For the padding between header and user data, you need to know MAXALIGNon your server - typically 8 bytes on a 64-bit OS (or 4 bytes on a 32-bit OS). If you are not sure, check out pg_controldata.

对于标头和用户数据之间的填充，您需要MAXALIGN在服务器上知道- 通常在 64 位操作系统上为 8 个字节（或在 32 位操作系统上为 4 个字节）。如果您不确定，请查看pg_controldata。

Run the following in your Postgres binary dirto get a definitive answer:

在Postgres 二进制目录中运行以下命令以获得明确的答案：

./pg_controldata /path/to/my/dbcluster

The manual:

手册：

The actual user data (columns of the row) begins at the offset indicated by t_hoff, which must always be a multiple of the MAXALIGNdistance for the platform.

实际用户数据（行的列）从指示的偏移量开始，该偏移量t_hoff必须始终是MAXALIGN平台距离的倍数。

So you typically get the storage optimum by packing data in multiples of 8 bytes.

因此，您通常通过以 8 字节的倍数打包数据来获得最佳存储。

There is nothing to gain in the example you posted. It's already packed tightly. 2 bytes of padding after the last int2, 4 bytes at the end. You could consolidate the padding to 6 bytes at the end, which wouldn't change anything.

您发布的示例没有任何好处。已经包得严严实实了。最后 2 个字节填充，最后int24 个字节。您可以在最后将填充合并为 6 个字节，这不会改变任何内容。

Overhead per data page

每个数据页的开销

Data page size is typically 8 KB. Some overhead / bloat at this level, too: Remainders not big enough to fit another tuple, and more importantly dead rows or a percentage reserved with the FILLFACTORsetting.

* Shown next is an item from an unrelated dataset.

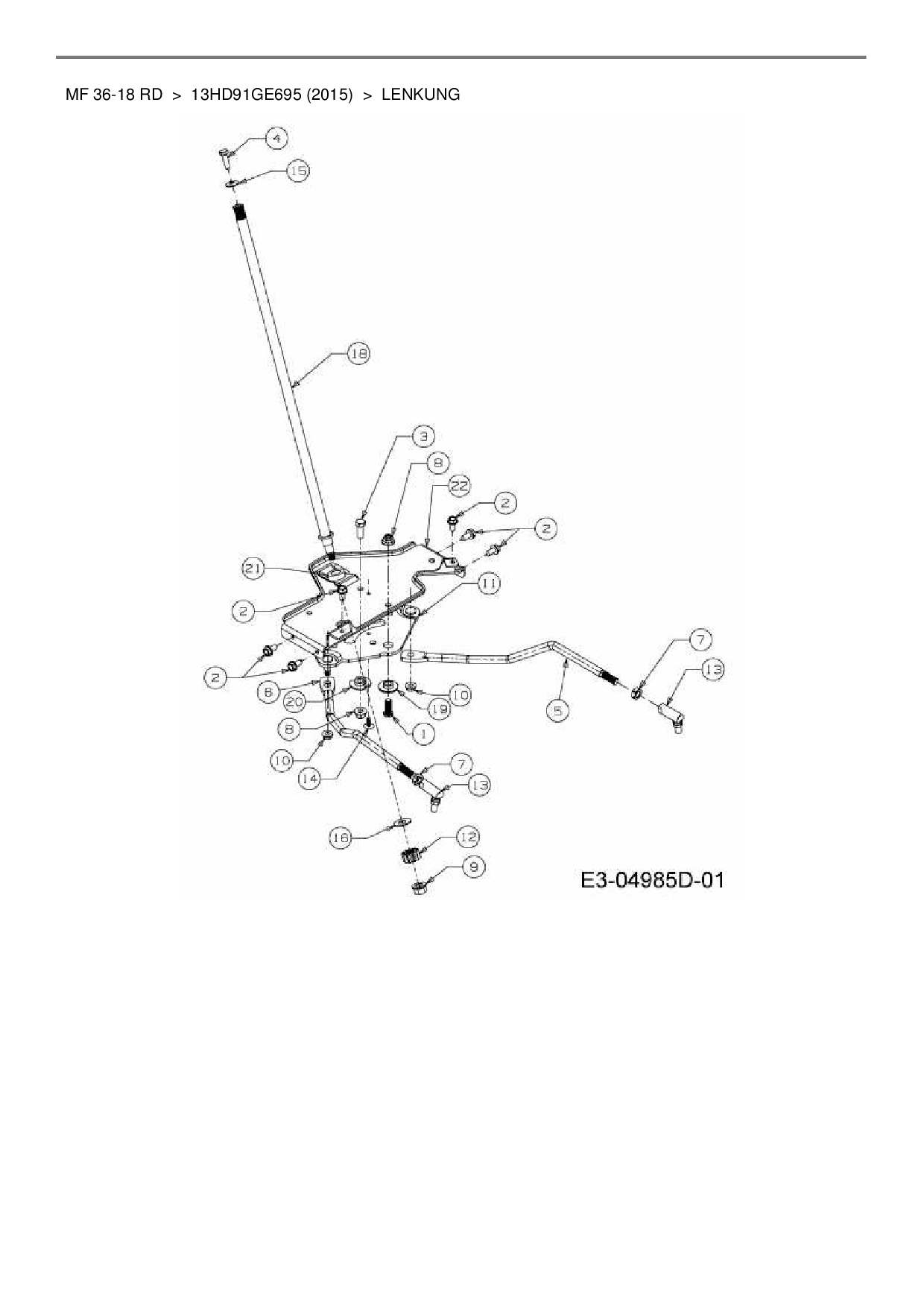 Zeichnung für Massey Ferguson Rasentraktor MF 36-18 RD mit der Geräte-Artikelnr. 13HD91GE695 ab Baujahr 2015:
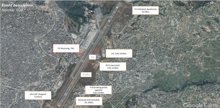 On 19 April 2018, a Boeing 737-900 made a high speed rejected takeoff at Kathmandu in response to a configuration warning and overran the runway without serious consequences. The Investigation found that when a false Takeoff Configuration Warning caused by an out of adjustment switch had been annunciated just after V1, the Captain had decided to reject the takeoff because of concerns about the local terrain and locally adverse weather. It was noted that the aircraft operator did not provide criteria for rejecting takeoff up to or above the 80 knot crosscheck but that the Boeing reference QRH did so.

数据页大小通常为 8 KB。在这个级别上也有一些开销/膨胀：余数不足以容纳另一个元组，更重要的是死行或FILLFACTOR设置保留的百分比。

There are a couple of other factors for size on disk to take into account:

磁盘大小还有几个其他因素需要考虑：

Array types?

数组类型？

With an arraytype like you were evaluating, you would add 24 bytes of overheadfor the type. Plus, array elements occupy space as usual. Nothing to gain there.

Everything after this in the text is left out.